WHAT IS EXPECTED: For this exercise, output exactly and only the lines running from the one with "Stretchy Holiday Tree" through the final line of the data below, without pictures.

PROVIDED MATERIAL:
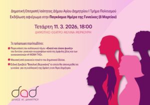 Η Δημοτική Επιτροπή Ισότητας του Δήμου Αγίου Δημητρίου (ΔΕΠΙΣ), το γραφείο Ισότητας και το Τμήμα Πολιτισμού με αφορμή την Παγκόσμια
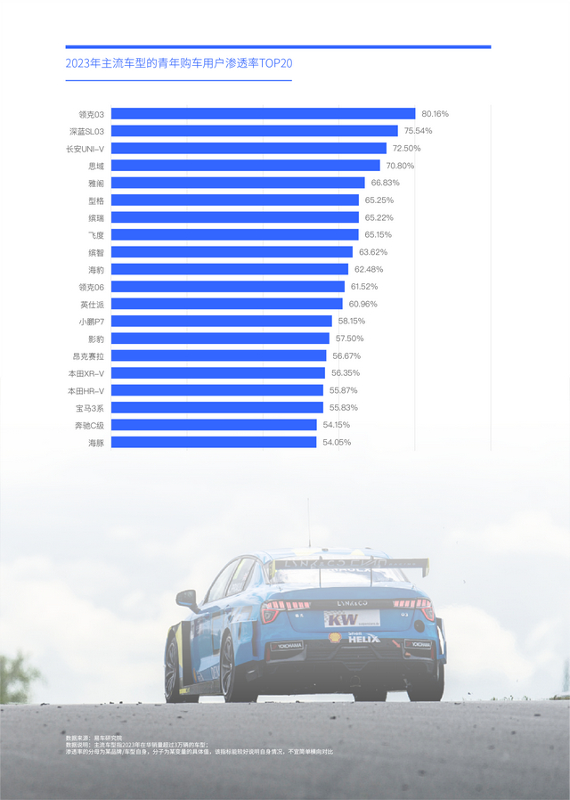 2023年,领克03青年渗透率80.16%,领衔主流车型排行榜,领克07、奕派007等个性混动车,有望成青年车市新黑马,留住更多男青年
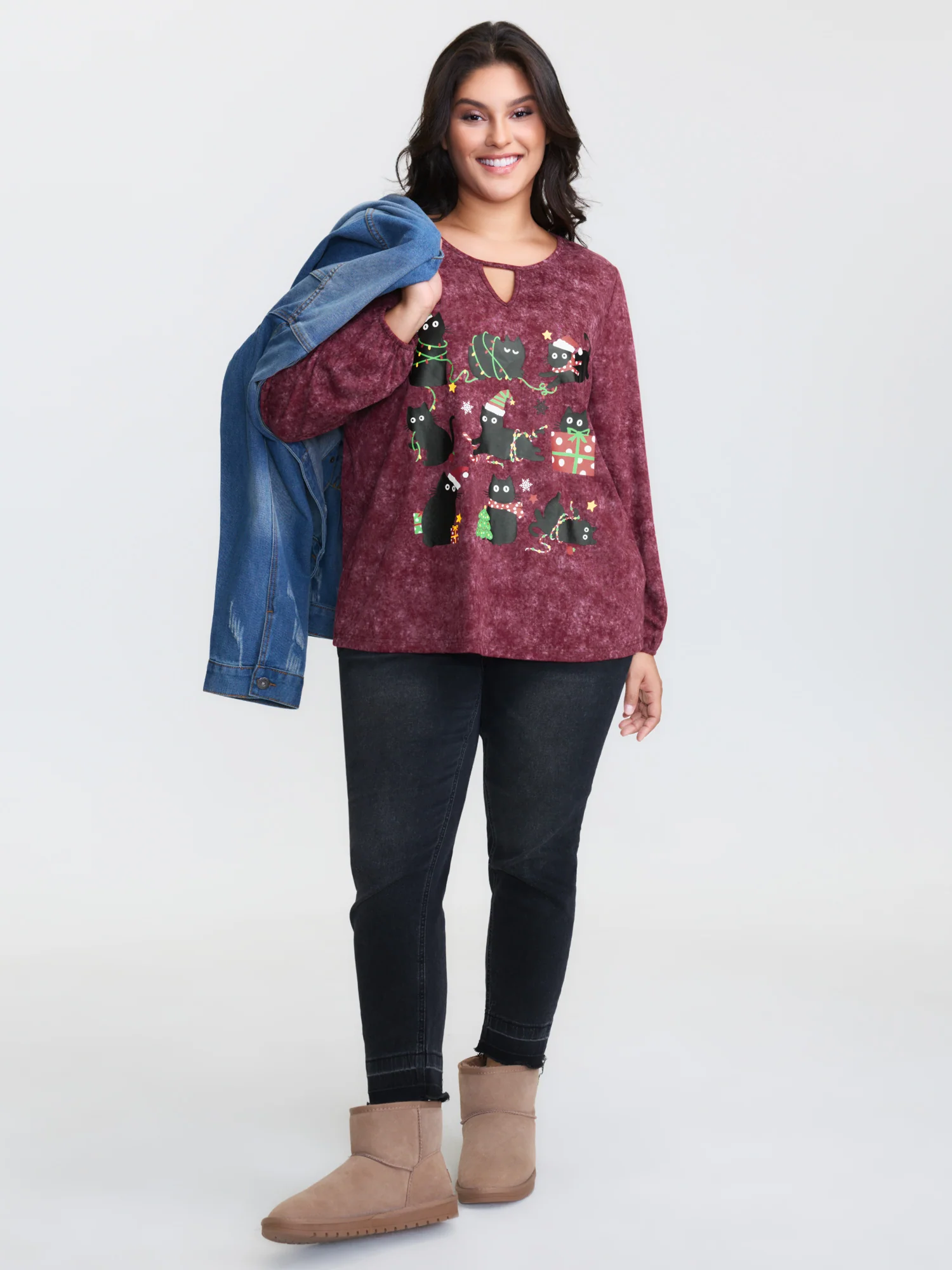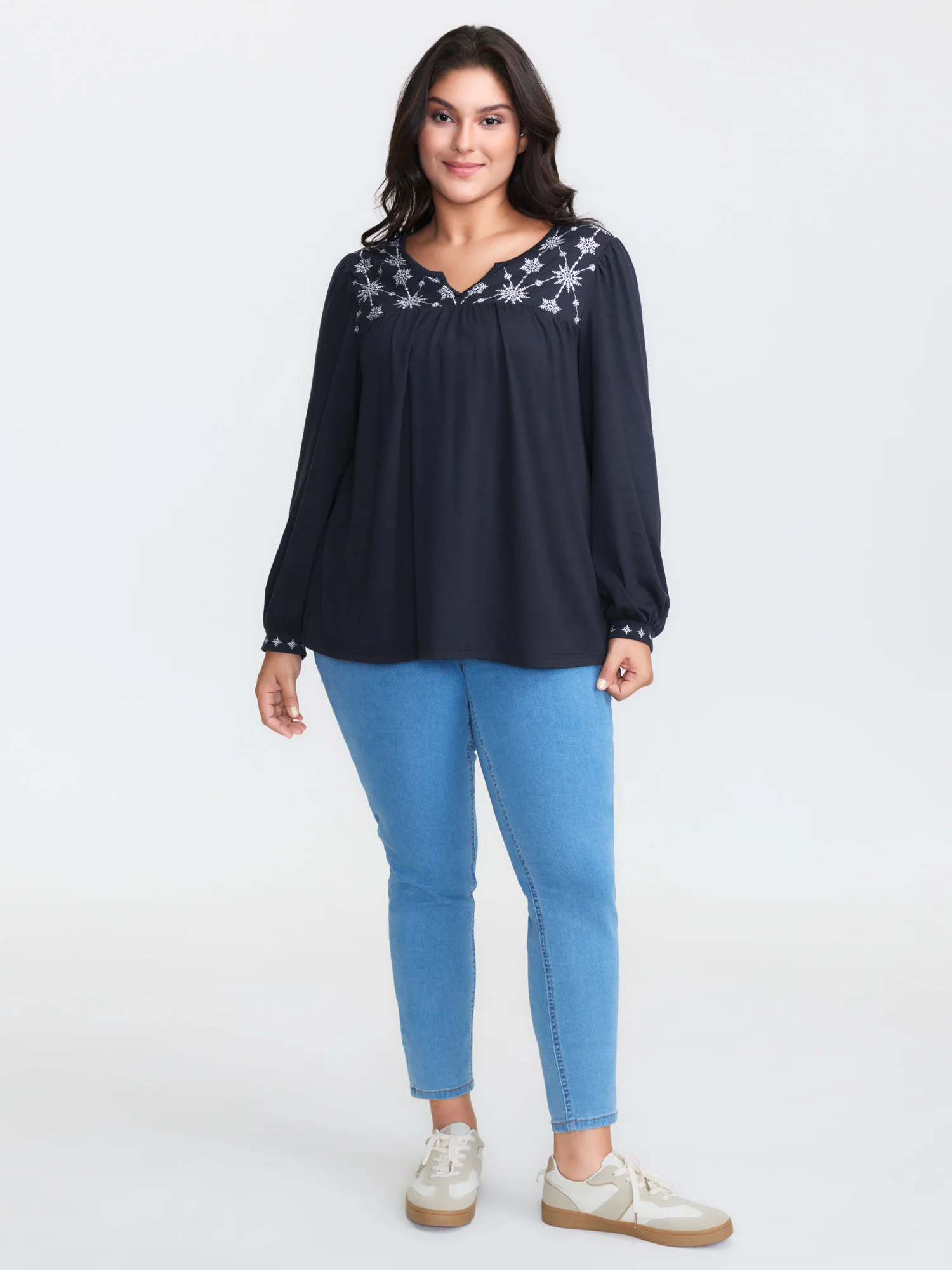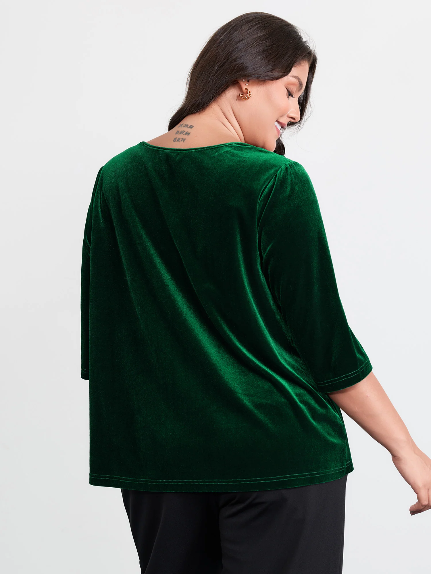Stretchy Holiday Tree Sequin Embroidery Pullover
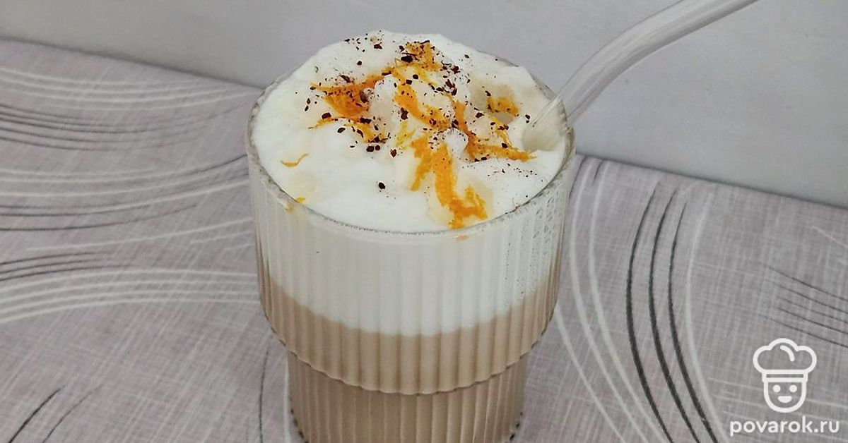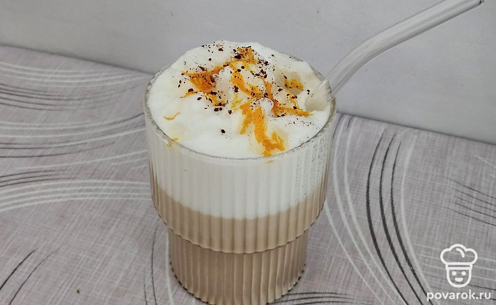 Апельсин помойте и натрите на мелкой терке. Украсьте напиток цедрой.

RESPONSE:
Stretchy Holiday Tree Sequin Embroidery Pullover
 Апельсин помойте и натрите на мелкой терке. Украсьте напиток цедрой.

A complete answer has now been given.